◆ **WHAT YOU SHOULD DO**: Print, exactly as they stand, the lines below from the one that has "We discuss information" to the one that has "TORQUE - STARTER - 3.0L DIESEL ENGINE", inclusive, leaving out the pictures.

◆ **GIVEN DATA**:

»»

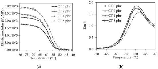 The dynamic mechanical analysis was a useful tool for obtaining some indirect evidence on the dispersion and rubber–graphene interaction [5,27]. From dynamic mechanical measurements, the elastic modulus and tan δ for the NR/CT biocomposites were obtained and plotted against the temperature, as shown in Figure 7a,b, respectively. At the transition zone, the elastic modulus significantly decreased with increasing temperature due to the higher molecular movement ability. It could be observed that, at the temperature below the glass transition temperature (Tg), modulus of the biocomposites increased with increasing CT loading mainly due to a higher stiffness or modulus of the glassy CT.
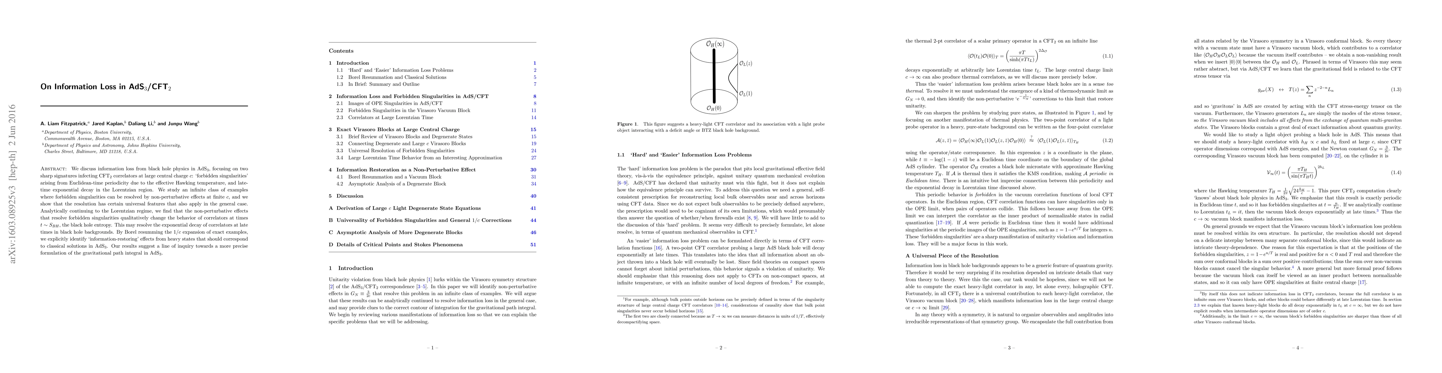 We discuss information loss from black hole physics in AdS$_3$, focusing on two sharp signatures infecting CFT$_2$ correlators at large central charge $c$: 'forbidden singularities' arising from Euclidean-time periodicity due to the effective Hawking temperature, and late-time exponential decay in the Lorentzian region. We study an infinite class of examples where forbidden singularities can be resolved by non-perturbative effects at finite $c$, and we show that the resolution has certain universal features that also apply in the general case. Analytically continuing to the Lorentzian regime, we find that the non-perturbative effects that resolve forbidden singularities qualitatively change the behavior of correlators at times $t \sim S_{BH}$, the black hole entropy. This may resolve the exponential decay of correlators at late times in black hole backgrounds. By Borel resumming the $1/c$ expansion of exact examples, we explicitly identify 'information-restoring' effects from heavy states that should correspond to classical solutions in AdS$_3$. Our results suggest a line of inquiry towards a more precise formulation of the gravitational path integral in AdS$_3$.
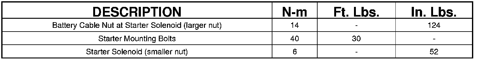 TORQUE - STARTER - 3.0L DIESEL ENGINE
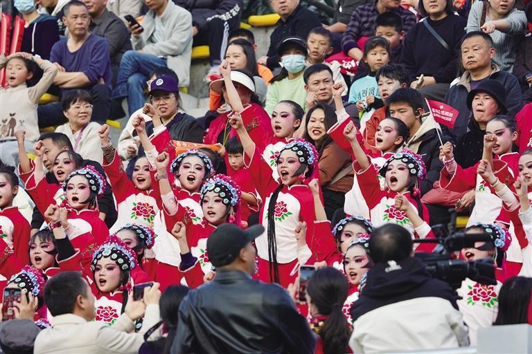 11月29日,湘超联赛第十二轮,湘西队主场迎战湘潭队,来自凤凰县沱江镇文昌阁小学“文武茶灯”非遗展演节目的小演员们为比赛加油助威。 本报全媒体记者 胡承鼎 摄

««

◆ **WRITTEN SOLUTION**:
 We discuss information loss from black hole physics in AdS$_3$, focusing on two sharp signatures infecting CFT$_2$ correlators at large central charge $c$: 'forbidden singularities' arising from Euclidean-time periodicity due to the effective Hawking temperature, and late-time exponential decay in the Lorentzian region. We study an infinite class of examples where forbidden singularities can be resolved by non-perturbative effects at finite $c$, and we show that the resolution has certain universal features that also apply in the general case. Analytically continuing to the Lorentzian regime, we find that the non-perturbative effects that resolve forbidden singularities qualitatively change the behavior of correlators at times $t \sim S_{BH}$, the black hole entropy. This may resolve the exponential decay of correlators at late times in black hole backgrounds. By Borel resumming the $1/c$ expansion of exact examples, we explicitly identify 'information-restoring' effects from heavy states that should correspond to classical solutions in AdS$_3$. Our results suggest a line of inquiry towards a more precise formulation of the gravitational path integral in AdS$_3$.
 TORQUE - STARTER - 3.0L DIESEL ENGINE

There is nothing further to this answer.